I’ve had some professional training and some higher education (hoo boy was it higher! esp. the part in the sixties~) but my practice is that of the autodidact. The sad news is that my memory is shot and my rationality ain’t that grand and I use cheap shot ad hominem debating tactics so all this autodidacticism goes for naught… I am at best a legend in my own mind. I don’t remember a single line of Rupert Brooke. The satire of Thomas Love Peacock is lost on me. When Norm’s uncle loaned me Hersey’s The Child Buyer back in 1960, I read the book and promptly forgot every word. When Betty’s husband loaned me Kuhn’s Structure of Scientific Revolutions eight or ten years later. I stashed it and only read it while I was blowing dope. This is not a course I’d recommend for the serious student. This is not even a course I’d recommend for someone who simply wants to lead a happy life. I don’t recall ever returning that book.

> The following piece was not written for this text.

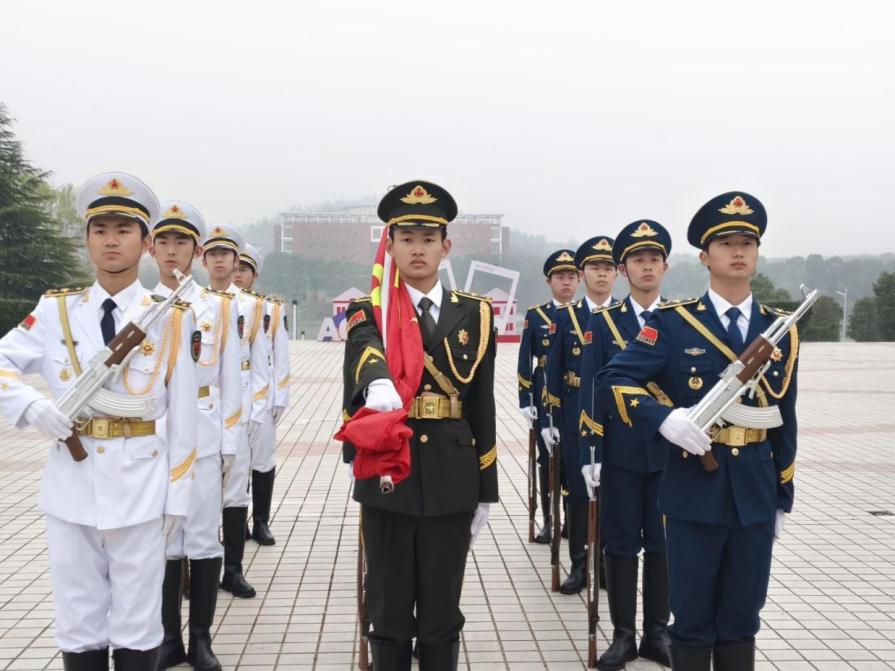 清晨,同学们整齐列队,精神抖擞。英姿飒爽的国旗护卫队迈着铿锵有力的步伐护送国旗走向升旗台。伴随着激昂雄壮的国歌声,五星红旗冉冉升起,全体学生庄严肃立,向国旗行注目礼,爱国之情在每个人心中油然而生。
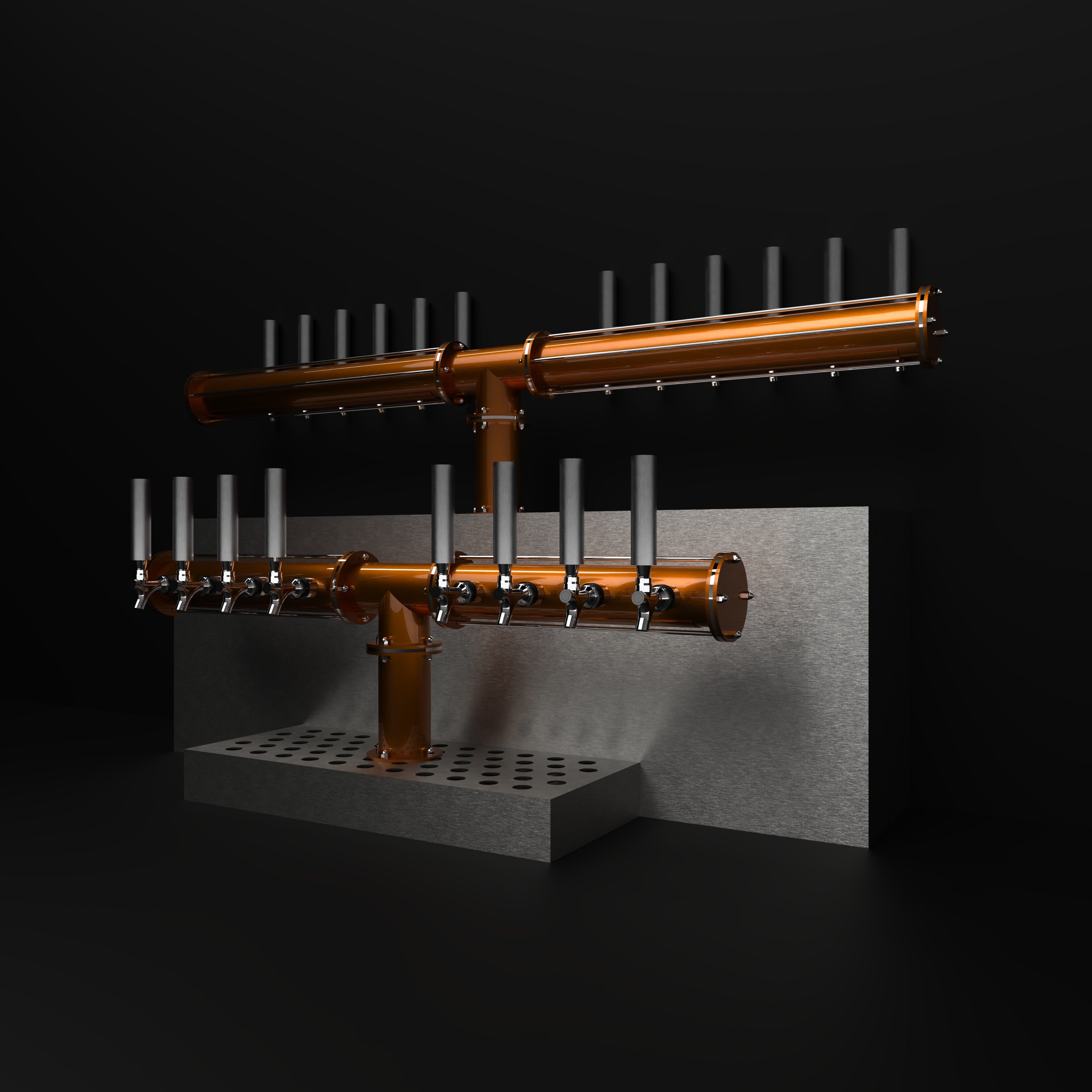 The Axios Double Tee doubles down on the collection's distillery-inspired aesthetic, featuring two T-shaped towers adorned with the characteristic 1/4in tubing. This design is for establishments wanting to make a significant impact with a piece that's both functional and a nod to brewery artistry.

Not that I didn’t enjoy it. The weed I mean… I don’t remember a word of the Kuhn. But I think I inhaled more deeply and more often than Bill and Hillary and you see where that got us. I live in this little rat shack on the swamp and they live in the posh totty suburbs not too far from Manhattan.
These days I read all there is to read of Bruce Sterling, Neal Stephenson, William Gibson, and Larry McMurtry… oh and Tom Wolfe, and all the great airport novelists like Grisham and Clancy. Sometimes I get stuck reading Feynman and recently I’ve been forced to swallow great chunks of theory of mesh wireless networking talk and such, but that’s in hopes of staying employable.
One thing most of these novelists aren’t doing is exercising their rights of free speech very strenuously. You have to go to bloggers like Chris Locke, Norm Jenson, and Dan Gillmor for that.
I do read a lot of blog posts too I guess.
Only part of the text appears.